[Work instructions]:
Among the lines below, the one containing "- cca 5 hodin" opens the range and the one containing "Кианит привлекает своим" closes it. Print that range exactly, without the pictures.

[Given entries]:
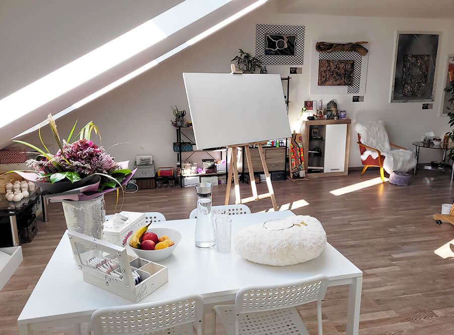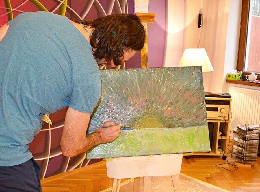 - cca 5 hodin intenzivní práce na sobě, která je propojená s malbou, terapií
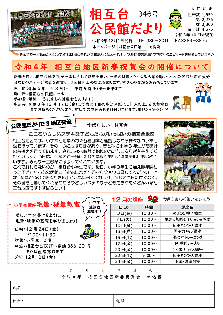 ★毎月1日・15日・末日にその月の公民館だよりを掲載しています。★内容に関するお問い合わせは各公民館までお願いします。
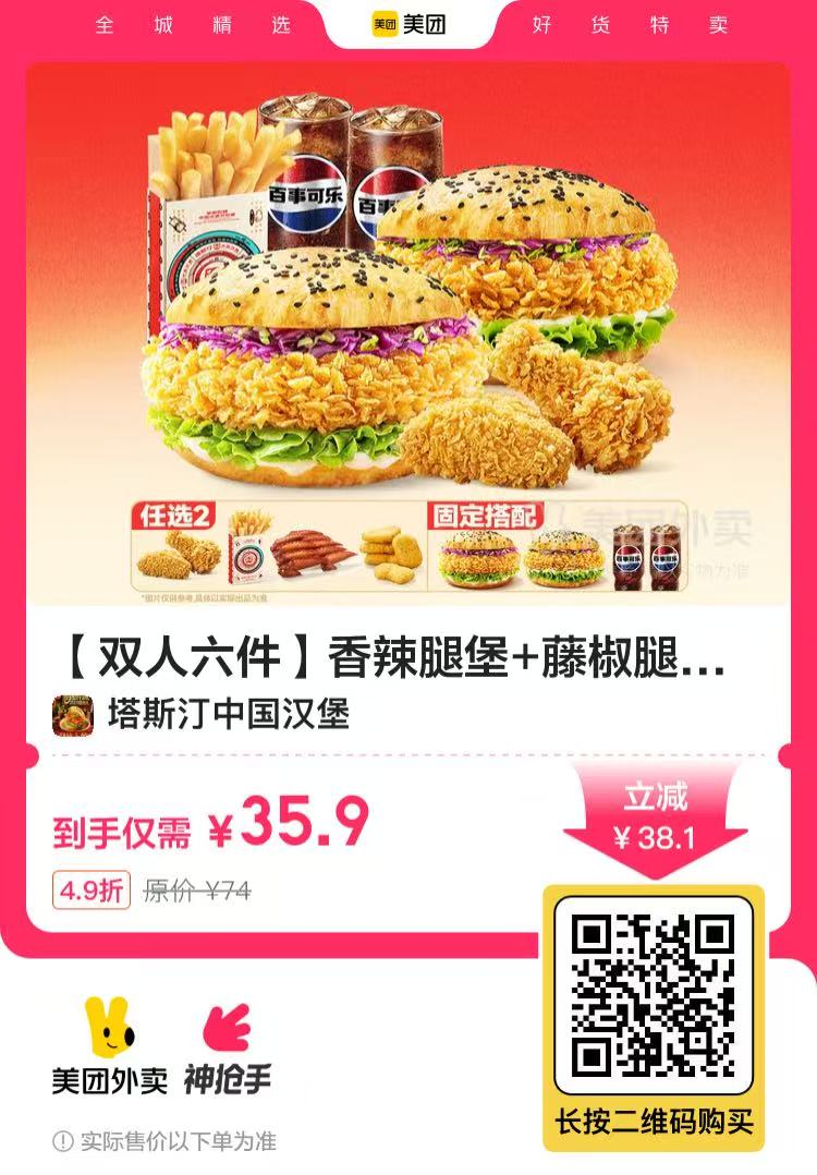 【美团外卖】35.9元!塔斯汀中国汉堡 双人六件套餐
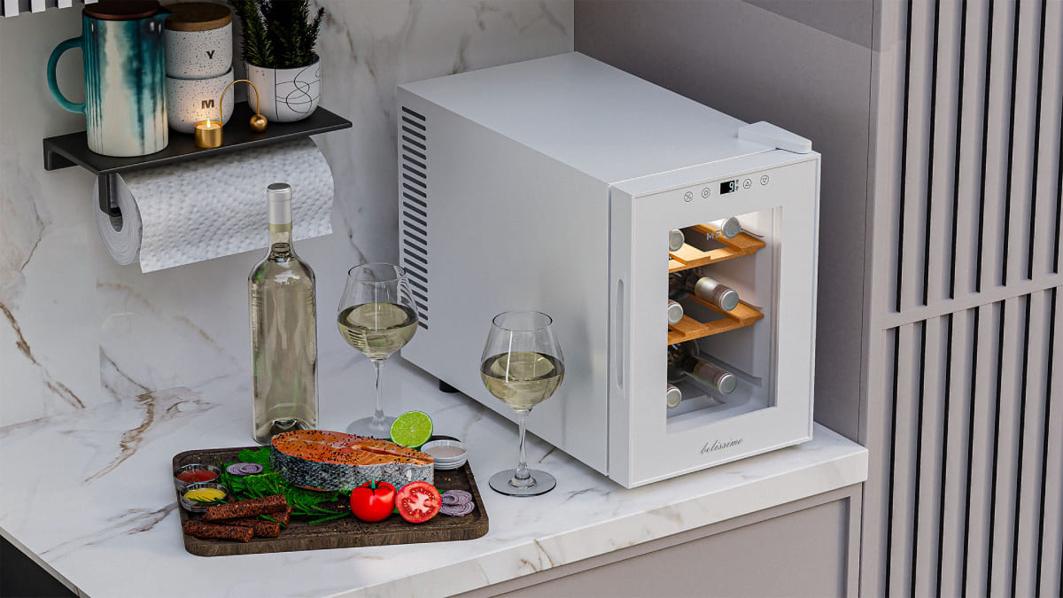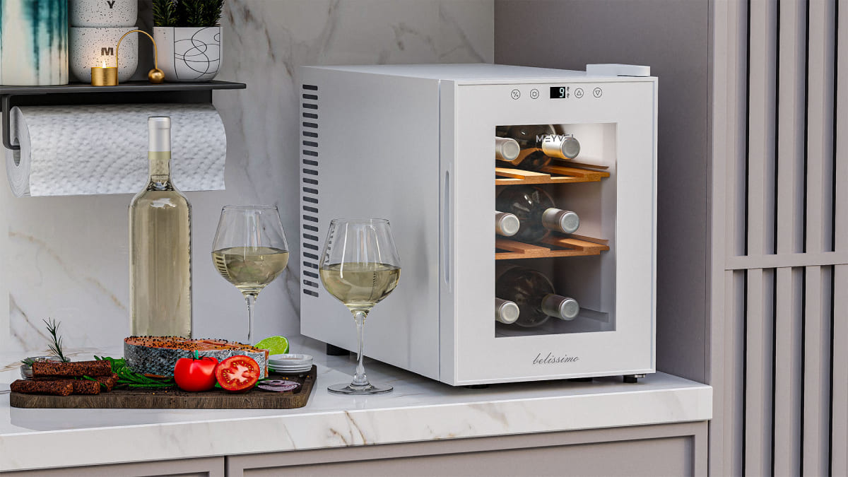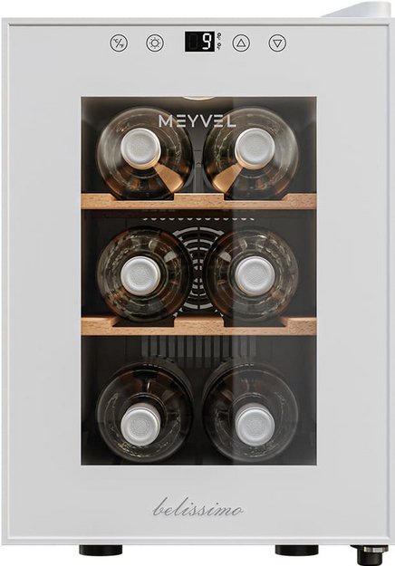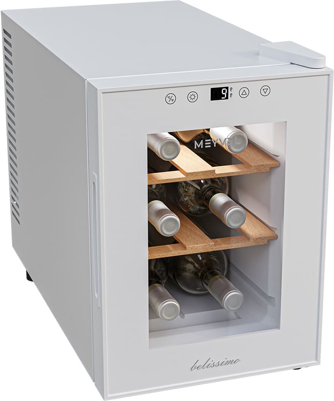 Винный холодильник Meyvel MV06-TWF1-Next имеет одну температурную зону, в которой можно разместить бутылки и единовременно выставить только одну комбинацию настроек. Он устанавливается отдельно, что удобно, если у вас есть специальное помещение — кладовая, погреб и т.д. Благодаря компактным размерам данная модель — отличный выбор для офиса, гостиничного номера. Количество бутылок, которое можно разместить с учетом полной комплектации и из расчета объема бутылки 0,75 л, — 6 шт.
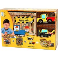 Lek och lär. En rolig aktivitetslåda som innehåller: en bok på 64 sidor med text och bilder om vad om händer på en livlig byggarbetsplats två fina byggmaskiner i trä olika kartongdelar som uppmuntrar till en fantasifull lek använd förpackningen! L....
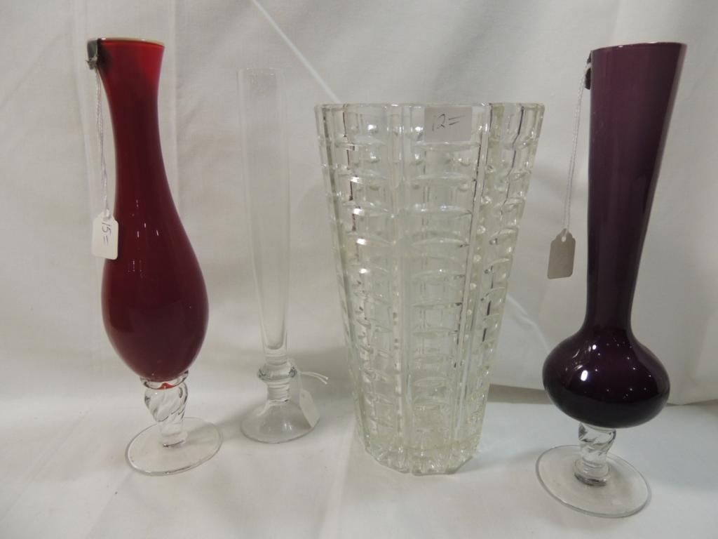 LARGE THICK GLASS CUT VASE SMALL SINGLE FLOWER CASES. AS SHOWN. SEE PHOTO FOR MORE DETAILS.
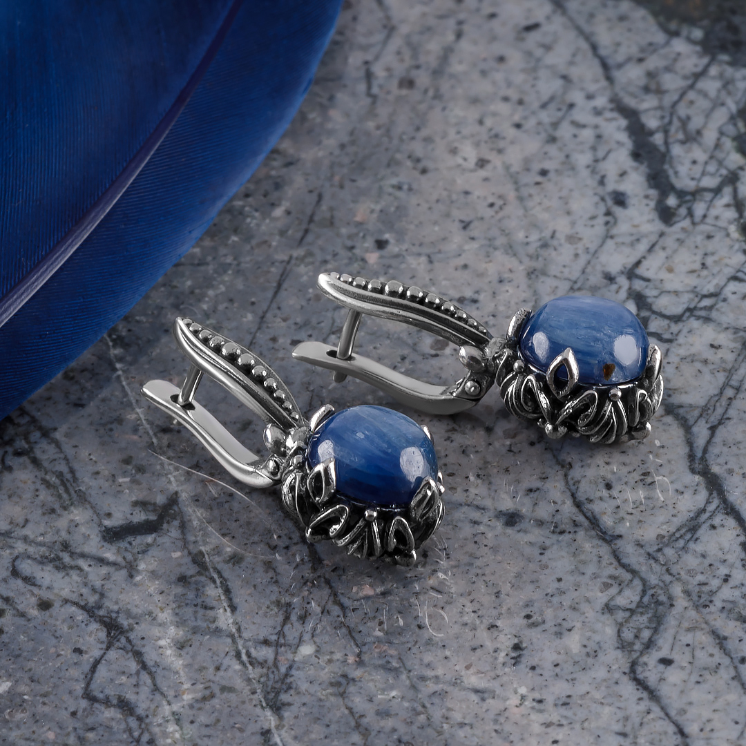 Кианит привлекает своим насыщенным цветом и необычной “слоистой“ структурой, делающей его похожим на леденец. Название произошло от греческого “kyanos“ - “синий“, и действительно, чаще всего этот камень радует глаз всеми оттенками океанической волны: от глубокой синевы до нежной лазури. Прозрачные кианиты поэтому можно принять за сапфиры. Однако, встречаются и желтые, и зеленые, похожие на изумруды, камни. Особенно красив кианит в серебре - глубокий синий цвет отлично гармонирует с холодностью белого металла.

---

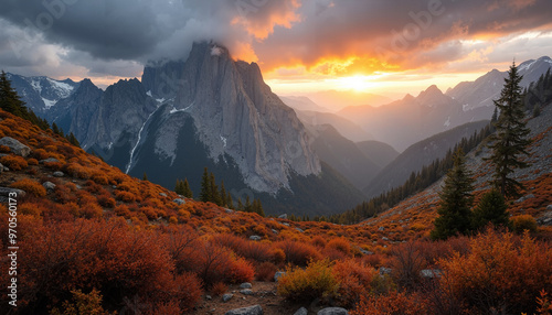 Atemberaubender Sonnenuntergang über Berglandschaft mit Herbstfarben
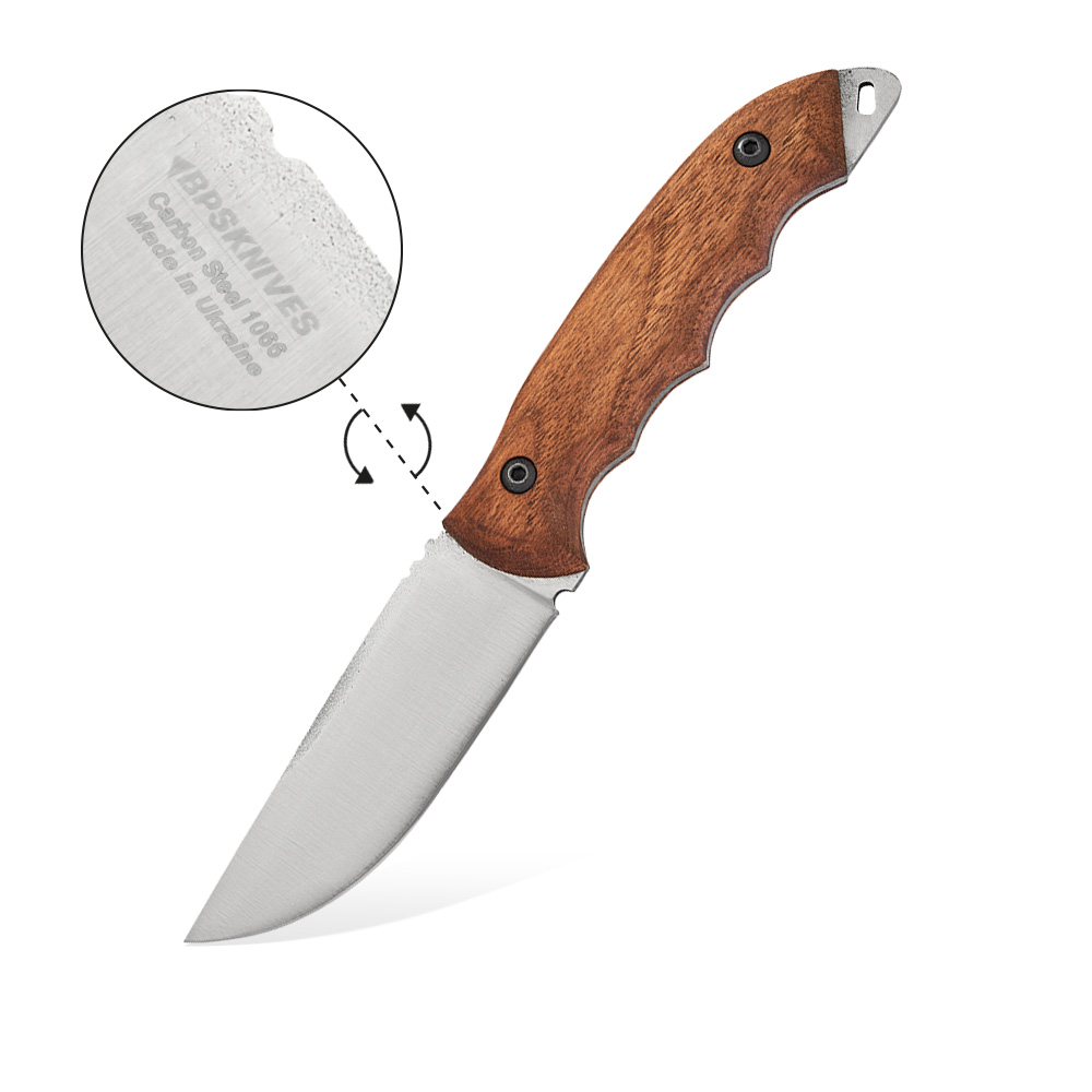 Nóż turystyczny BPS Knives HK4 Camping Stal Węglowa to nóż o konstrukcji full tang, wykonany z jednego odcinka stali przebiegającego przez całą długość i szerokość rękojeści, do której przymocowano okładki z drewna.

[Written solution]:
 - cca 5 hodin intenzivní práce na sobě, která je propojená s malbou, terapií
 ★毎月1日・15日・末日にその月の公民館だよりを掲載しています。★内容に関するお問い合わせは各公民館までお願いします。
 【美团外卖】35.9元!塔斯汀中国汉堡 双人六件套餐
 Винный холодильник Meyvel MV06-TWF1-Next имеет одну температурную зону, в которой можно разместить бутылки и единовременно выставить только одну комбинацию настроек. Он устанавливается отдельно, что удобно, если у вас есть специальное помещение — кладовая, погреб и т.д. Благодаря компактным размерам данная модель — отличный выбор для офиса, гостиничного номера. Количество бутылок, которое можно разместить с учетом полной комплектации и из расчета объема бутылки 0,75 л, — 6 шт.
 Lek och lär. En rolig aktivitetslåda som innehåller: en bok på 64 sidor med text och bilder om vad om händer på en livlig byggarbetsplats två fina byggmaskiner i trä olika kartongdelar som uppmuntrar till en fantasifull lek använd förpackningen! L....
 LARGE THICK GLASS CUT VASE SMALL SINGLE FLOWER CASES. AS SHOWN. SEE PHOTO FOR MORE DETAILS.
 Кианит привлекает своим насыщенным цветом и необычной “слоистой“ структурой, делающей его похожим на леденец. Название произошло от греческого “kyanos“ - “синий“, и действительно, чаще всего этот камень радует глаз всеми оттенками океанической волны: от глубокой синевы до нежной лазури. Прозрачные кианиты поэтому можно принять за сапфиры. Однако, встречаются и желтые, и зеленые, похожие на изумруды, камни. Особенно красив кианит в серебре - глубокий синий цвет отлично гармонирует с холодностью белого металла.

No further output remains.